Not everyone, of course, could pull this off. Chandler owes part of his success to the fact that he is so focused on backing up successes—and failures—with data. (MassMutual is now supporting data science programs at Mount Holyoke College, Smith College, and the University of Massachusetts in order to train the next generation of scientists.) But his success also owes to his personality. Over six feet tall with an athletic build from a passion for road cycling and a healthy crop of peppery hair, he has a charismatic presence. But his thoughtful, easygoing nature and a sincere interest in people make him uniquely relatable.

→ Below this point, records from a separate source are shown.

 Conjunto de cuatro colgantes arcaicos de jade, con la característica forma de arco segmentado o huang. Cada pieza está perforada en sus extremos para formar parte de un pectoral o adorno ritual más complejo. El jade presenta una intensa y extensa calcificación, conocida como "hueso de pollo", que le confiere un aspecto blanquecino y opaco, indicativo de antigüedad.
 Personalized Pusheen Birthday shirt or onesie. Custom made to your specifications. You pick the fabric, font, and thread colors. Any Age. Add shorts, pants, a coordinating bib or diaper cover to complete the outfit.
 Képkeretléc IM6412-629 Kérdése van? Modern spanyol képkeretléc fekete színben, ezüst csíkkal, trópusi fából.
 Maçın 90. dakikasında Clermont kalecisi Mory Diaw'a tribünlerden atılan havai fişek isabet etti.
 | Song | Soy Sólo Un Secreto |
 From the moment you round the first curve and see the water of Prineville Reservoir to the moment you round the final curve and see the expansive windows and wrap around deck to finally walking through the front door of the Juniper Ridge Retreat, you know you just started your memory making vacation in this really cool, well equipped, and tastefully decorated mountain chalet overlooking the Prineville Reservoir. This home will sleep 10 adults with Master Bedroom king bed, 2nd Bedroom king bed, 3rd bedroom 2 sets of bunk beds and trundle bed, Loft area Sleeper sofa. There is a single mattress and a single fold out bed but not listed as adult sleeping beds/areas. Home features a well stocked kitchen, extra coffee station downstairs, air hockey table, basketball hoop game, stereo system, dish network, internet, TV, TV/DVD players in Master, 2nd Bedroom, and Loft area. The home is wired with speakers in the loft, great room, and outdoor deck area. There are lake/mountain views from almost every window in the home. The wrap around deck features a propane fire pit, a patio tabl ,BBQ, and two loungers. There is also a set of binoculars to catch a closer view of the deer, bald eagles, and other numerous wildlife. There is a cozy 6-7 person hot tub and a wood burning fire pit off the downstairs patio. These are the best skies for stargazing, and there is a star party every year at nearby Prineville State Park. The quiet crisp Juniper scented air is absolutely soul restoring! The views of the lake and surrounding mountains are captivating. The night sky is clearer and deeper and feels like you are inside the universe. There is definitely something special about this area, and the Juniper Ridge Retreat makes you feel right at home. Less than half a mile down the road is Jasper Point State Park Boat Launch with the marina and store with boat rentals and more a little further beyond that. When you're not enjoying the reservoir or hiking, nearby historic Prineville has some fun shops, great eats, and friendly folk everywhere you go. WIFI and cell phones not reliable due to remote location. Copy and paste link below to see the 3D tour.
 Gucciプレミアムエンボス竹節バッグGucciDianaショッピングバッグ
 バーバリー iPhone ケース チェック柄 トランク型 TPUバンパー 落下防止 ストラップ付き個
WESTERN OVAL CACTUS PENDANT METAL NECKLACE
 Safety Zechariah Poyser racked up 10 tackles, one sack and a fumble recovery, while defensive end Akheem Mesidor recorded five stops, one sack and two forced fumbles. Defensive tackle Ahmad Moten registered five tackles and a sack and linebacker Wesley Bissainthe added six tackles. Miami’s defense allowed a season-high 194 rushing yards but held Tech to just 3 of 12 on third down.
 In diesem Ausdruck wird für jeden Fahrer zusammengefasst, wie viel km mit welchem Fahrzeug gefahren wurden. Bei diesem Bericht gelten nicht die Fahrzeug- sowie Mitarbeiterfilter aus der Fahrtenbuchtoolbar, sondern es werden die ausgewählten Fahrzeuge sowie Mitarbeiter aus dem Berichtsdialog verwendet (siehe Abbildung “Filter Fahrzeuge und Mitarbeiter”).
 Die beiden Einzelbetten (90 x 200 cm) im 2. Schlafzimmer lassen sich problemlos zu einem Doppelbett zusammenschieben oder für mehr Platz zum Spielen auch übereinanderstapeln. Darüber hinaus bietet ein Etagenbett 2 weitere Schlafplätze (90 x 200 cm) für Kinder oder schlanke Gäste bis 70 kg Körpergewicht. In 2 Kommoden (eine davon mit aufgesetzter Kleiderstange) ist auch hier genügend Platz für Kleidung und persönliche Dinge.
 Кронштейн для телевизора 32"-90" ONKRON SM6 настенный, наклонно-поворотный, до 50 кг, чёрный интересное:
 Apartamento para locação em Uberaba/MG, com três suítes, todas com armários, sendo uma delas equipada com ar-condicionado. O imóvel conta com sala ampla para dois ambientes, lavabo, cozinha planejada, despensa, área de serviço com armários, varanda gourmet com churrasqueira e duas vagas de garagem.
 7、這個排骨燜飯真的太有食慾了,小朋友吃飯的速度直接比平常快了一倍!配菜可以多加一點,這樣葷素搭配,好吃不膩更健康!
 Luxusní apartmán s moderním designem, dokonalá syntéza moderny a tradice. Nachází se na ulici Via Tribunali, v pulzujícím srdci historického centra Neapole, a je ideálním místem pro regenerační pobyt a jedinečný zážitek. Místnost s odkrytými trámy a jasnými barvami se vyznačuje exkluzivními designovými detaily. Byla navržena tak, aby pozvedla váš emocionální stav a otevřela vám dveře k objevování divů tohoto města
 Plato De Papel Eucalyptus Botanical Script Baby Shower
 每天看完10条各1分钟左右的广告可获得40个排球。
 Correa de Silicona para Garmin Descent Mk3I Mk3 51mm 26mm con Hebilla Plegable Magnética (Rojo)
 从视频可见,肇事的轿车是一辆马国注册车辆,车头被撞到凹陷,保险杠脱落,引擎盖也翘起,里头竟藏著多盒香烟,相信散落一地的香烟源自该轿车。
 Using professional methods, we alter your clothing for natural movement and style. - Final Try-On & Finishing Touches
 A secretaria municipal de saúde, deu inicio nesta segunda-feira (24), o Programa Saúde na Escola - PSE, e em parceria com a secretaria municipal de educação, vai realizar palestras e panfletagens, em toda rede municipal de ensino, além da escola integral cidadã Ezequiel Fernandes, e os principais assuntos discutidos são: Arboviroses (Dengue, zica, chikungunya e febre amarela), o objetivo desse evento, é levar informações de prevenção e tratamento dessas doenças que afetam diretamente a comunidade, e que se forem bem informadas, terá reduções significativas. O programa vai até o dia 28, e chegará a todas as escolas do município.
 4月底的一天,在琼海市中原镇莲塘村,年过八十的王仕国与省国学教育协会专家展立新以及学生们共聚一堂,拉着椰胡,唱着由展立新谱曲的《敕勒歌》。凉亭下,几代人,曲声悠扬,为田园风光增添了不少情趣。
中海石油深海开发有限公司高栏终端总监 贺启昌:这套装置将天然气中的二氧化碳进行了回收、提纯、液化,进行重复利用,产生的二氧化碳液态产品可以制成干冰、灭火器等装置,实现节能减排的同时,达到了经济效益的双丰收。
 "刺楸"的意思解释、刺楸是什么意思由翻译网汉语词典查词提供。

“Even though he may be presenting to a group or talking to a larger audience, you still feel like he’s talking to you—just you,” says Marc Johnson T’86, a classmate of Chandler’s and a managing partner in finance for a private family. “He’s got that ability to really hone in and engage directly. It’s a talent. And it makes him very good at his profession.”
Today, many of the initiatives that were part of the Strategic Brand Investment are permanent fixtures, simply because they work. And their success is encouraging MassMutual to think even more innovatively. One of the company’s current directions is something that would have been unthinkable 10 years ago: selling directly to the consumer. Chandler argues that there are certain consumers who simply won’t buy through an agent—and capturing that business makes the company stronger as a whole.
Already, MassMutual launched Haven Life, a middle-market online insurance company. And by 2017, Chandler and his team will transform MassMutual.com to include a direct-sales experience for consumers. At the same time, the company is bolstering its agency system. In March, they announced the intention to acquire the Premier Client Group, the retail sales force for MetLife, which will add as many as 4,000 agents to MassMutual’s 5,800. In light of these developments, Chandler believes they have a legitimate shot at becoming the best-selling life insurance company in the country.
“What he’s been able to do as a marketing executive is help this company think completely differently and do it in a way that has been quite successful,” says Jim Kerley, chief membership officer for LIMRA, a financial services trade organization. “He’s done a really good job of bringing the company’s key constituents together to demonstrate why they have to change and to create change that integrates with their core business.”
This February, Chandler was invited to give one of the keynote speeches at the LIMRA Distribution Conference for Financial Services. Wearing jeans, an open-collared shirt, and a sport coat—his new uniform in line with MassMutual’s updated dress code—he stood on an imposing stage in a conference ballroom at the Miami Hilton and told the MassMutual story to 450 industry professionals. More than anything, he said, they had to be willing to disrupt themselves—or risk being disrupted. They had to approach new customers in dynamic ways. At the end, applause erupted, the attendees eventually shifted and bustled about, and John Chandler left to catch a plane to his next engagement. But his message didn’t leave their minds. Even the next day, they were still talking about how MassMutual is embracing the future with all of its uncertainties—and how they could too. Chandler, once an industry outsider, is transforming into a thought leader.
“What John’s presentation was able to do was to illustrate what contemporary financial services companies have to do to reach out to today’s consumers. It is an amazing story in the context of a company that’s 165 years old,” says Kerley. “Certainly MassMutual is benefitting by his leadership in this category and I would say the industry is winning because he’s showing how to lead in a new way. That’s pretty cool, don’t you think?"